Tesseract is an optical character recognition (OCR) engine originally developed by Hewlett Packard, in 2005 it was open sourced under Apache license. Its development is now supported by Google. Version 3.0 was released in September 2010 apart from other things this version offers support for Polish language.
Wiki at Tesseract website is a bit messy, that is why I decided to describe my experience with building and installation of Tesseract 3.0. I was working on Ubuntu 10.10 server edition, deployed on virtual machine created using Oracle Virtual Box.
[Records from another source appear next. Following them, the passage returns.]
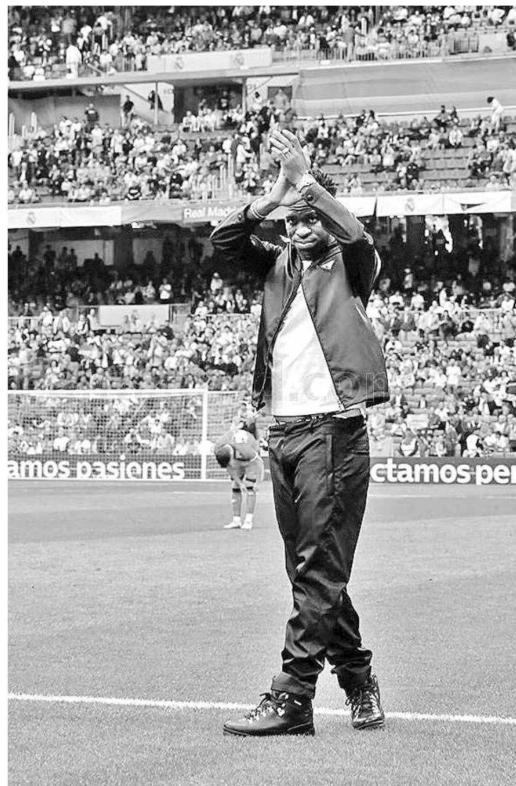
Vini Júnior agradece as homenagens de torcedores e jogadores

4 de junho Data da última participação do Real Madrid no Campeonato Espanhol
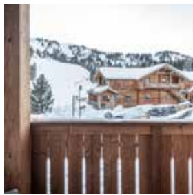
Direkt an der Piste K-Hotel, K-Alm & K-Stadl
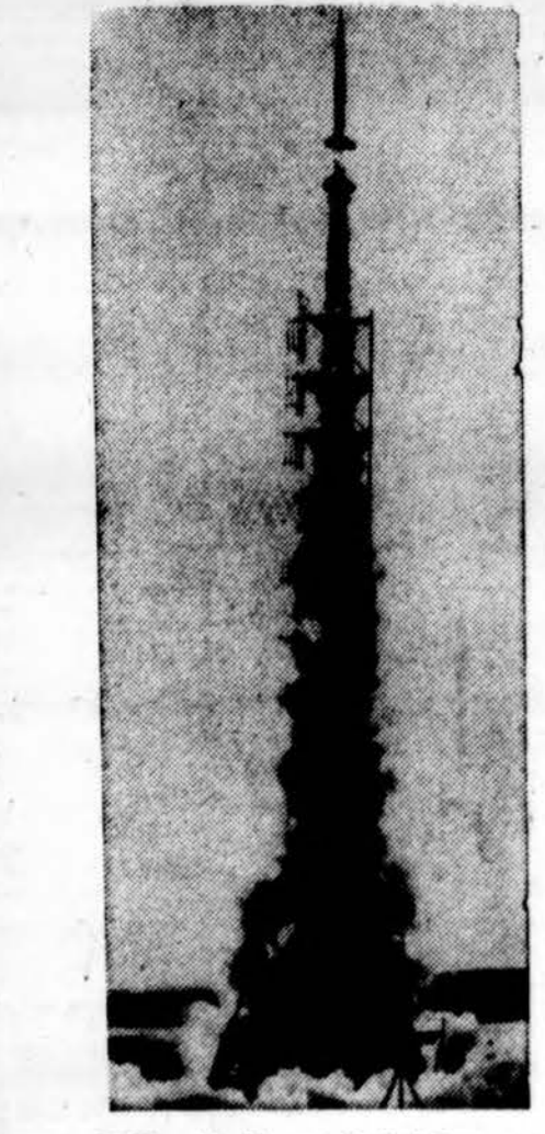
JAV aviacijos mokslininkai pranešė, kad jie išsėvė pirmąjį dirbtinį meteorą į tolimą erdvę. Dirbtinis meteoras lėkė 40,000 mylių per valandą. Nuotraukoje rodoma raketa, kuria buvo iššautas dirbtinis meteoras.

Brangūs arkliai Vienam centneriui pieno pagaminti Kauno rajono „Bolsheviko“ kolchoke yra sunaudojama 2,5 darbadienio, Biržų rajono „Tarybinio artojo“ kolchoke 5 darbadieniai, o kaifimniniame „R. vėlavos“ kolchoke net 9 darbadieniai. Paaikštinimui buvo paminėta, kad vienur tenka vienas darbininkas 10-čiai karvių, kitur tik 6. Pasirodo, kad ir eilinio kolūkio arkliai išlaikymas atsieina labai brangiai. Pavyzdžiui Linkuvos rajono „Pirmyn“ kolchoke vienam darbiniam arkliai išlaikyti 1956 metais išėjo 2,200 rublių! Ir tai nepriklausomai nuo to, ar arkliai dirbo, ar nedirbo. Vilniaus radijas lapkričio 17 d. laidoje žemės ūkio darbuotojams perdavė šalininkų tarybi-
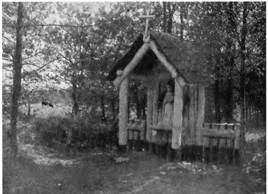
Kapel ter ere van Onze Lieve Vrouwe van den Goeden Duik, in Augustus '43 door enkele leden van het Brabantse studentengilde van Onze Lieve Vrouwe op de duikbasis „Moerle” in de omgeving van Tilburg gebouwd.

Het Kerstfeest was voor de ondergedokenen de zwaarste beproeving van hun heimwee naar huis en naar de Kerstviering met de hunnen. Steeds en overal hebben de plaatselijke medewerkers tezamen met de geestelijkheid er alles op gezet, om dit innige feest met de onderduikers zo waardig mogelijk te vieren. Overijsel geeft hiervan een voorbeeld uit 1943. De protestanten hadden een avondwijding in het gymnastieklokaal te Broekland onder Raalte. De onderduikers waren om zes uur gewaarschuwd, dat om tien uur de plechtigheid zou zijn, en ze kwamen, zeventig in getal, in een zaal, die stemmig met sparren-groen was versierd en waar de Raaltese dominé den kerkdienst leidde. Daar klonken de Kerstgezangen, terwijl vliegtuigen naar Duitsland en weer op den terugtocht daarvan overvlogen, een weinig vredig geluid, dat niettemin altijd zo nauw verweven was met de hoopvolle gedachte aan het naderbij komen van den val der boze machthebbers in Duitsland, die zoveel ellende over de

First, I’ve install build-essential and autoconf:
sudo apt-get install build-essential sudo apt-get install autoconf
Next, step according to Tesseract wiki is to install dependencies:
sudo apt-get install libpng12-dev sudo apt-get install libjpeg62-dev sudo apt-get install libtiff4-dev sudo apt-get install zlib1g-dev
Please note, that the name of zlib1g-dev package is misspelled in the wiki.
I’ve tried to install libleptonica (Leptonica is also required dependency) package from default Ubuntu repositories but Tesseract’s ./configure script does not recognize that it is installed. To cope with that I have downloaded sources of Leptonica 1.6.7 from its Google Code website and than followed rather standard build process:
./configure make sudo make install sudo ldconfig
The next step was downloading tesseract-3.00.tar.gz from Tesseract project website. Uncompress archive, go to tesseract-3.0 directory and invoke:
After invoking ./configure you should check config_auto.h is dependencies were recognised by ./configure script. Header file should contain #define for HAVE_LIBLEPT, HAVE_LIBPNG, HAVE_LIBTIFF, HAVE_LIBJPEG and HAVE_ZLIB.
make sudo make install sudo ldconfig
Without ldconfig you might experience problems with launching Tesseract.
Download languages of your choice from Tesseract website and place them (uncompress first) in your tessdata folder (by default /usr/local/share/tessdata).
Now run the OCR using:
tesseract phototest.tiff out.txt -l eng more out.txt
Hope that this will be helpful.